Like Shenmue, the Suikoden series remains unfinished — all five games have left loose threads and teased an ultimate showdown that never came — and the publisher, Konami, has no interest in bringing it back. Yet… if, somehow, Suikoden director Yoshitaka Murayama popped up out of nowhere and announced plans to Kickstart Suikoden VI, there would immediately be a pile of bricks directly under wherever I was sitting at the time. If you ever see a Kotaku article with my byline and the title “HOLY FUCK HOLY FUCK HOLY FUCK,” it’s probably Suikoden VI.

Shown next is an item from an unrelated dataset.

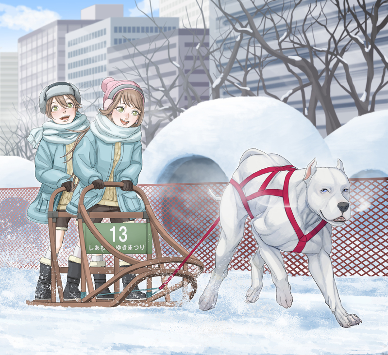 【しあわん】月島兄妹🌙(@ munagecham )と犬ぞりレース(高解像度版)

So I can sympathize when, say, Shenmue fans react negatively to a piece like the post one of our guest-writers ran on Friday about the new Kickstarter’s placeholder box art and what that art may have signalled about the quality of the overall Shenmue Kickstarter effort. I empathise with what hardcore fans have been through — 14 years is a long time to wait! — and I totally get why they were so pissed off at Kotaku last week. For a while now, in their eyes, it’s felt like some people have looked for any opportunity to crap on high-profile Kickstarters like this one, which is a slap in the face to those fans who have been waiting a decade and a half for Shenmue III to happen.

There are some healthy sceptical questions to ask here, of course: Do Suzuki and crew realise, for example, just how much time and money they will have to spend on the dinners and other swag rewards they have promised? Suzuki says they’d need to hit $US5 million for “one of the things I really want to do with Shenmue 3 [to] become a reality” — why such a seemingly arbitrary number? Why do they need to hit $US10 million to make it “truly” an open world? And will they ever tell fans exactly how much money they’re getting from outside sources?

In the coming months, as curious journalists and passionate fans follow this remarkable story — and it is a remarkable story, no matter what else happens — we’ll be watching for delays, for obstacles, for budget issues. We’ll be probing Suzuki and crew to be transparent about their process and their finances. And I’ll be paying particularly close attention to what has become the most compelling part of this story: how fans made something impossible happen.

That said… please stop tweeting at me to #saveshenmue. You’ve already saved it. Promise.